McpStdioServer.from(greeter) {
expose("greet")
}.serve()Stdio framing is one UTF-8 JSON-RPC envelope per line. Requests with no id and notifications/* methods produce no response. Malformed input is returned as a JSON-RPC error envelope with id: null. stdout is protocol-only; diagnostics belong on stderr.
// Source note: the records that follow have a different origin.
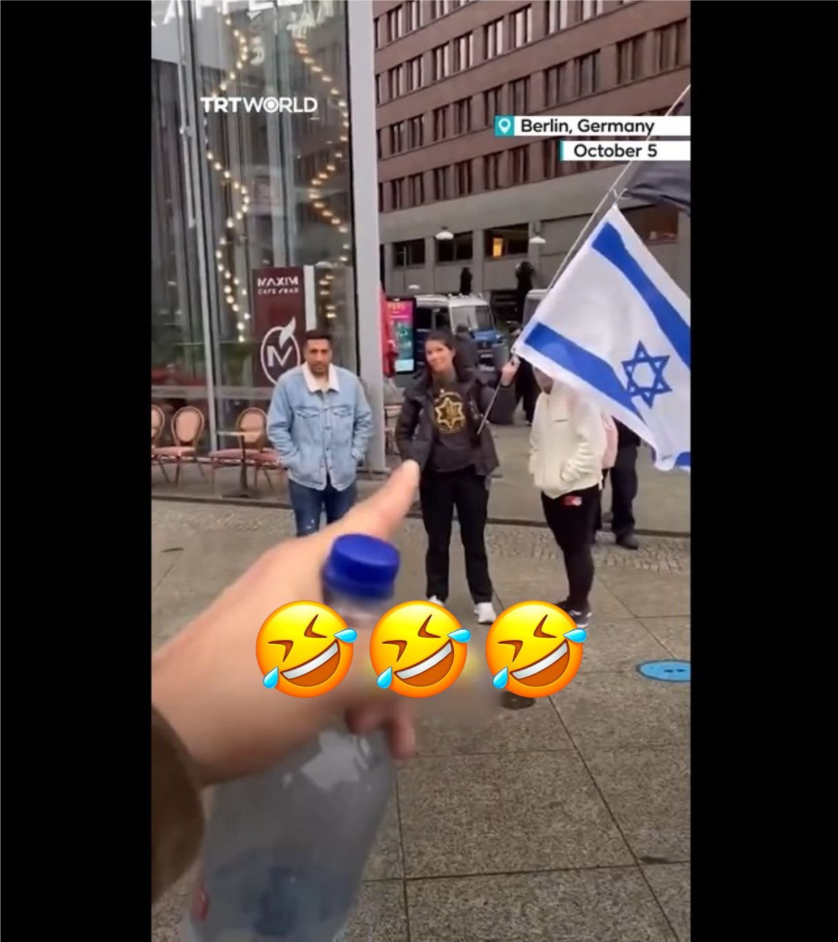🔴Seorang wanita yang berdemonstrasi untuk mendukung tentara Israel di Berlin, Jerman, menjadi bahan ejekan setelah dibiarkan berdiri sendirian tanpa dukungan publik.
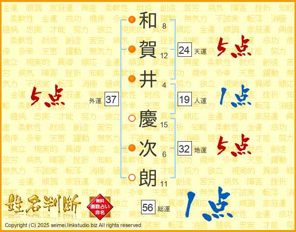 和(8画)賀(12画)井(4画) 慶(15画)次(6画)朗(11画)
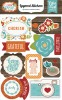 Here's another look at this project. You can see I wrapped patterned paper around the spools for the "thread." Then I added stickers, die cuts, and fibers to further dress up each spool. You can stack them or make one or two. This would be a quick and easy craft to do with kids. Just use a strong adhesive to hold the paper onto the spools.
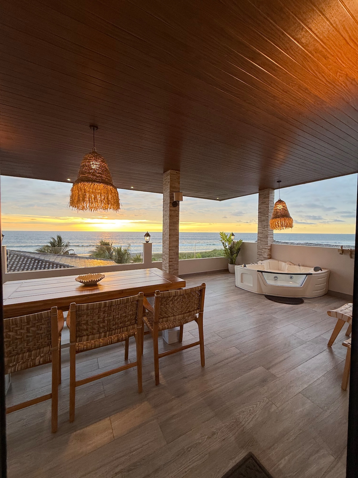 Life is about moments! Build memories to treasure in our unique beach front spot with pool, free parking and great views. Enjoy local & international cuisine at Montanita & Olon (5 to 7 mins away) or find an adventure near by (paragliding, waterfalls, snorkling, surf lessons) Enjoy our modern & cozy beach place, where you will find a fully equipped kitchen, comfy rooms and nice balcony chairs to enjoy breath taking ocean views! 65’ Smart TV at living room + beach tent & chairs included!
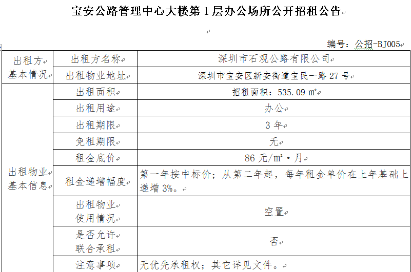 宝安公路管理中心大楼第1层办公场所公开招租公告
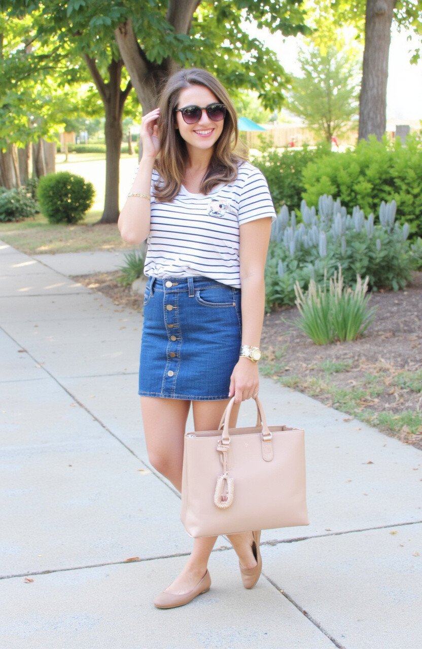 A striped t-shirt is a wardrobe staple that never goes out of style. Pair it with a denim skirt for a classic, easygoing look.
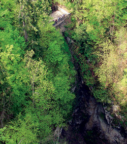 To už jsme blízko dnešnímu cíli. Stačí projet vesnicí a neznalému se otevře nečekaný pohled do skalnatého údolí, zcela nepodobného dosavadní okolní krajině. Silnice se kroutí do údolí, zařezaná do skalnatého úbočí. Červená značka ještě mnohem krkolomněji míří tamtéž za svodidly mezi kameny – další možnost vyzkoušet si techniku jízdy. Zato hned vzápětí je vše jinak – šplháme v sedlech biků serpentinami silničky mířící k Macoše. Tedy přesně k jejímu ústí. Nahoře u propasti stojí restaurace a stánky, a pak také Horní můstek, z něhož je až mrazivý výhled dolů do strmé hlubiny. Nejeden člověk zde již skončil svoji životní pouť. To ale nejsou myšlenky pro nás. Výhled je také na Dolní můstek umístěný kus nade dnem propasti a na okolní skalní stěny. K cestě sem nahoru lze použít i lanovku od vchodu do Punkevních jeskyní skrytých pod námi (lze přepravit i kolo). Po dostatečném pokochání se pustíme kousek zpět po silnici a odbočíme do lesa po zelené značce. Až křik zezadu mne a Pavla upozorní, že přejíždíme řadu kořenů – Jirka na rozdíl od nás sedlá pevný stroj.
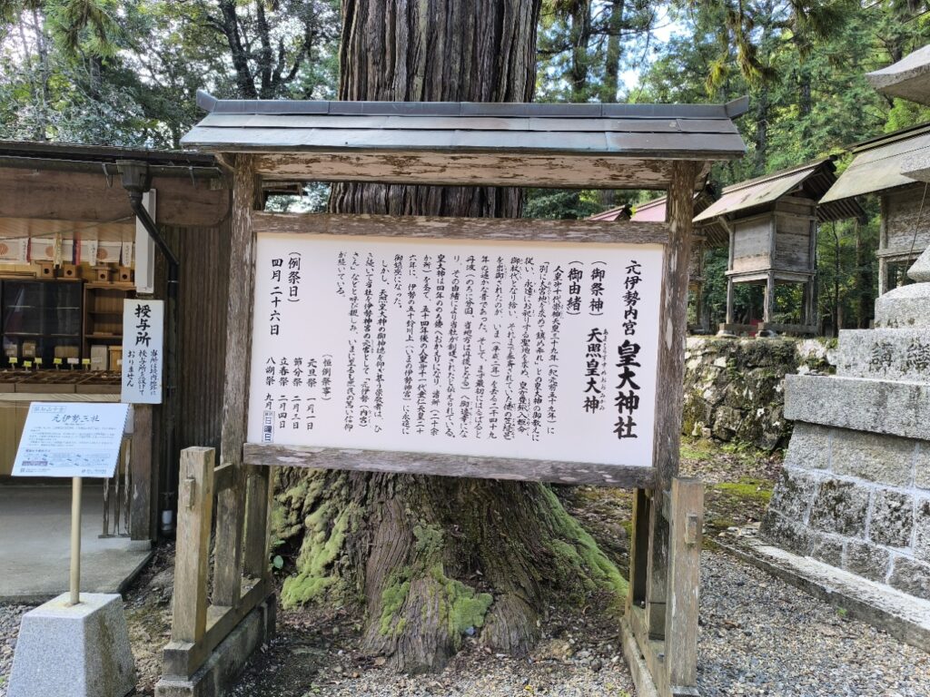 元伊勢内宮皇大神社は神社のホームページによれば、育み守護する産土神としてよりも、より根源的な皇祖天照皇大神という万(よろず)の神の大元神によせる信仰であって、皇大神が伊勢の聖地に遷られる以前に、四年間この地に鎮座された伊勢の元宮(もとみや)であるとの誇り高いものでありました。元伊勢の創建は、今元伊勢は古くから当地方の象徴的な存在として崇められてきた古社です。それは郷土をを去る二千六十年の遥かな昔であったと社伝は云いますが、多くの参拝者は鬱蒼たる天然の深い森に囲まれた簡素な社殿の佇まいに悠久の歴史の重みを感じ、神域に漂う霊気に触れ、神と人と自然が融け合う神仙境が現出していると感得されるのでしょうか、「身も心も洗われたような清々しさを感じる」とか「いのちの充実を感じる」とか様々な感動を伝えて下さる。この感動、感得こそが元伊勢信仰の原点ではないでしょうか。 伝承によれば、第10代崇神天皇39年(西暦紀元前59年)に、「別に大宮地を求めて鎮め祭れ」との皇大神の御教えに従い、永遠にお祀りする聖地を求め、それまでお祀りされていた倭笠縫邑(現奈良県桜井市三輪)をお出になったといわれます。まず最初に但波(丹波)へお遷りなり、そのご由緒により当社が創建されたと伝えられています。皇大神は、当地に4年お祀りの後、さらに諸所を経て、垂仁天皇26年(西暦紀元前4年)に、伊勢の五十鈴川上の聖地(今の伊勢神宮)にお鎮まりになりました。こうしたことから当社は伊勢神宮内宮の元の宮として、「元伊勢内宮」あるいは「元伊勢皇大神宮」「大神宮さん」などと呼ばれ、今も庶民の篤い信仰が続いています。
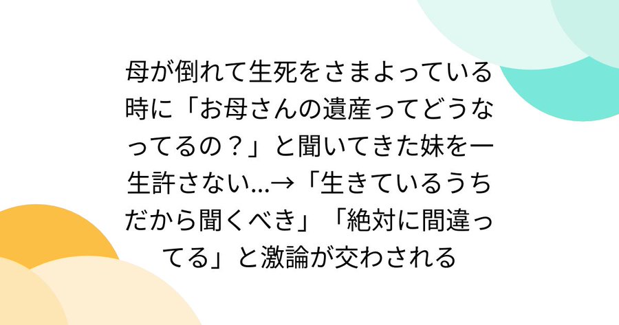 母が倒れて生死をさまよっている時に「お母さんの遺産ってどうなってるの?」と聞いてきた妹を一生許さない…→「生きているうちだから聞くべき」「絶対に間違ってる」と激論が交わされる https://togetter.com/li/2609394 #Togetterより そういう風に育てた母親が悪いとしか。妹は、介護はしない、金はいる、と言ってるそうなんで、姉の元ツイ主に対しても内心不満が溜まってたんじゃないの
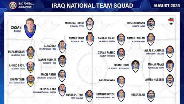 เซซุส คาซาส หัวหน้าผู้ฝึกสอน ทีมชาติอิรัก เปิดเผยรายชื่อ 23 นักเตะที่จะเข้าร่วมการแข่งขันฟุตบอลชิงถ้วยพระราชทาน คิงส์ คัพ ครั้งที่ 49 ที่ประเทศไทย ออกมาเรียบร้อยแล้ว
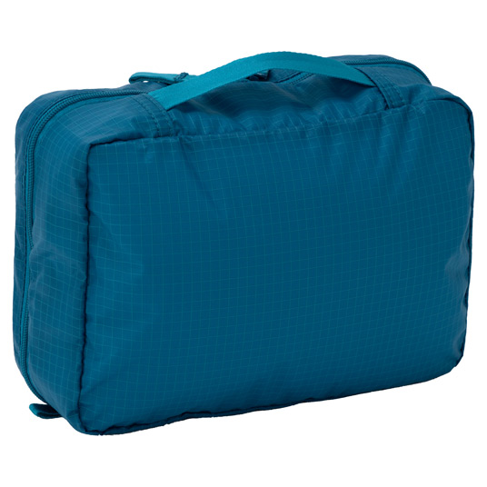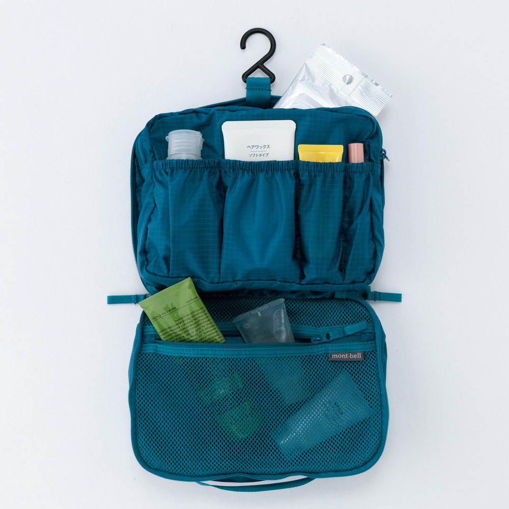 旅行用の小物等を機能的に収納できるポーチです。フックを備えているので、広げてホテルの洗面台やタオル掛けはもちろん、木の枝やロープなど、さまざまな場所に吊して使用することができます。歯ブラシを収納できるサイズで、ジッパーを閉めるとコンパクトにまとまり、ハンドルつきで持ち運びにも便利。トラベルからキャンプまであらゆるシーンで活用できます。
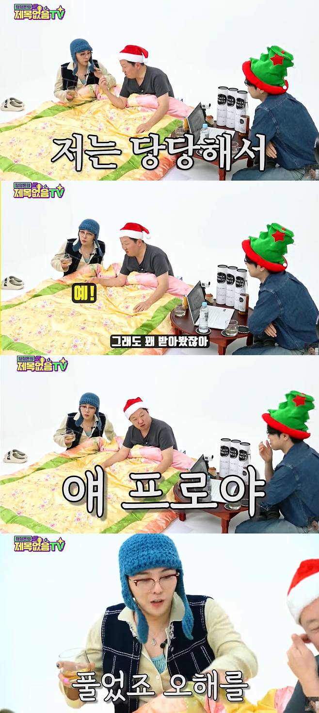 13일 정형돈의 '제목없음TV' 채널에는 지드래곤이 출연해 정형돈과 원앙금침에서 눕방을 펼쳤다.
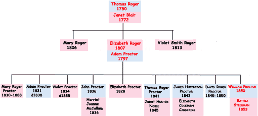 1892 she died 4 September 1892 in Edinburgh. Her death certificate records her as the widow of Adam Proctor, master plumber, at Main st, Bigger, Lanark. (it adds her normal residence is 4 East Broughton Place, Edinburgh). She was the daughter of Thomas Roger (printer, now deceased) and Janet Roger (nee Blair, now deceased). Reported by Elizabeth Proctor, daughter of 4 East Broughton Place, Edinburgh. It does not say what she was doing in Biggar.
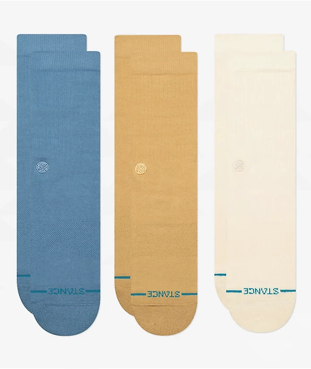 Stance Icon Seasonal Natural, Tan & Turquoise 3 Pack Crew Socks
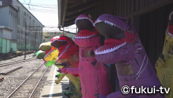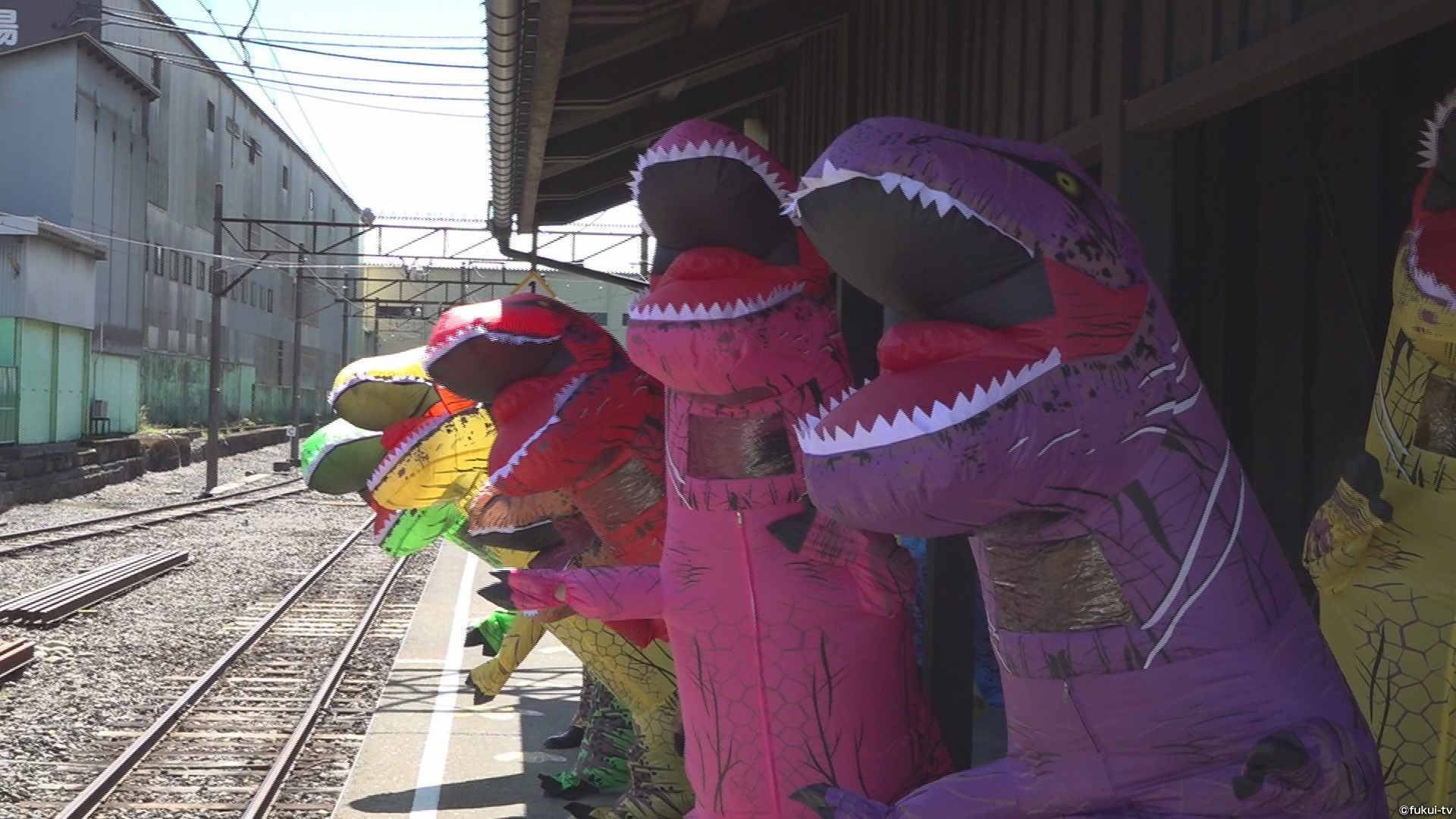 駅のホームにならぶ恐竜は福井をもりあげたいという熱い思いをもった人たちによるものだった。ワンダー。
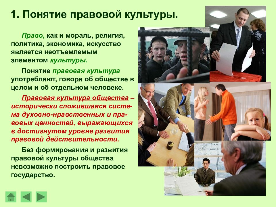 Право, как и мораль, религия, политика, экономика, искусство является неотъемлемым элементом культуры. Понятие правовая культура употребляют, говоря об обществе в целом и об отдельном человеке. Правовая культура общества – исторически сложившаяся систе-ма духовно-нравственных и пра-вовых ценностей, выражающихся в достигнутом уровне развития правовой действительности. Без формирования и развития правовой культуры общества невозможно построить правовое государство. 1. Понятие правовой культуры.
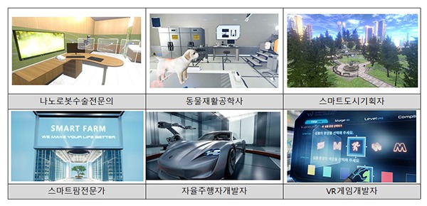 이밖에도 VR체험 콘텐츠를 활용해 다친 동물의 재활을 도와주는 동물재활공학사와 가상현실 게임을 개발하는 VR게임개발자, 스스로 운전하는 자동차를 개발하는 자율주행차개발자의 업무를 경험할 수 있다.
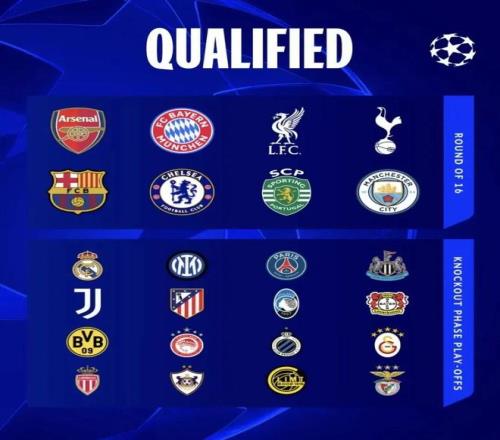 跌入淘汰賽附加賽的球隊則構成了豪華陣容。其中,種子球隊(第9至16名)包括:皇家馬德里、國際米蘭、巴黎圣日耳曼、紐卡斯爾聯(lián)、尤文圖斯、馬德里競技、亞特蘭大、勒沃庫森。皇馬在末輪前高居第三,一場失利讓他們直接跌至第九,不得不為16強名額再戰(zhàn)一輪。

Example client config for a JAR:
{
"mcpServers": {
"my-agent": {
"command": "java",
"args": ["-jar", "/path/to/my-agent.jar", "--stdio"]
}
}
}Wrap any agent in a real runnable JAR with one line:
fun main(args: Array<String>) = exitProcess(McpRunner.serve(greeter, args) {
port = 8080 // overridden by --port
expose("greet") // overridden by --expose (repeatable)
})The runner parses CLI args and serves HTTP by default: it builds the McpServer, prints the listening URL, registers a JVM shutdown hook for graceful stop(), and blocks until SIGTERM/SIGINT. With --stdio, it builds McpStdioServer, reads line-delimited JSON-RPC from stdin, writes only protocol responses to stdout, and returns when stdin closes.
Flags: --port N, --stdio, --expose NAME (repeatable), -h/--help, -V/--version. Hand-rolled CLI parser, zero new dependencies.
Same agent, three deployment modes; each is one line of glue away from the next:
| Mode | Glue | Where it runs | Who can call it |
|---|---|---|---|
| Library | agent<IN, OUT>("...") { skills { ... } } |
In your JVM, in-process | Your Kotlin code, fully typed |
| Hosted | + McpServer.from(agent) { expose("...") }.start() |
In your JVM, plus an MCP endpoint | Internal callers (typed) AND any MCP client |
| Autonomous | fun main(args) = exitProcess(McpRunner.serve(agent, args)) |
Its own process / JAR / Docker / native binary | Any MCP client, anywhere |
You don't pick once — you can eject the agent into autonomy when independent scale matters. See Agent Deployment Modes for the full progression and tradeoffs.
See the MCP Integration wiki page for the full DSL surface, lower-level McpClient factories, in-process mock servers for hermetic tests, and protocol-version handling.
Any agent served over MCP can simultaneously be served over A2A — different protocol shapes of the same instance (skills-as-tools vs one typed agent endpoint). See a2a.md → Serving MCP and A2A side by side.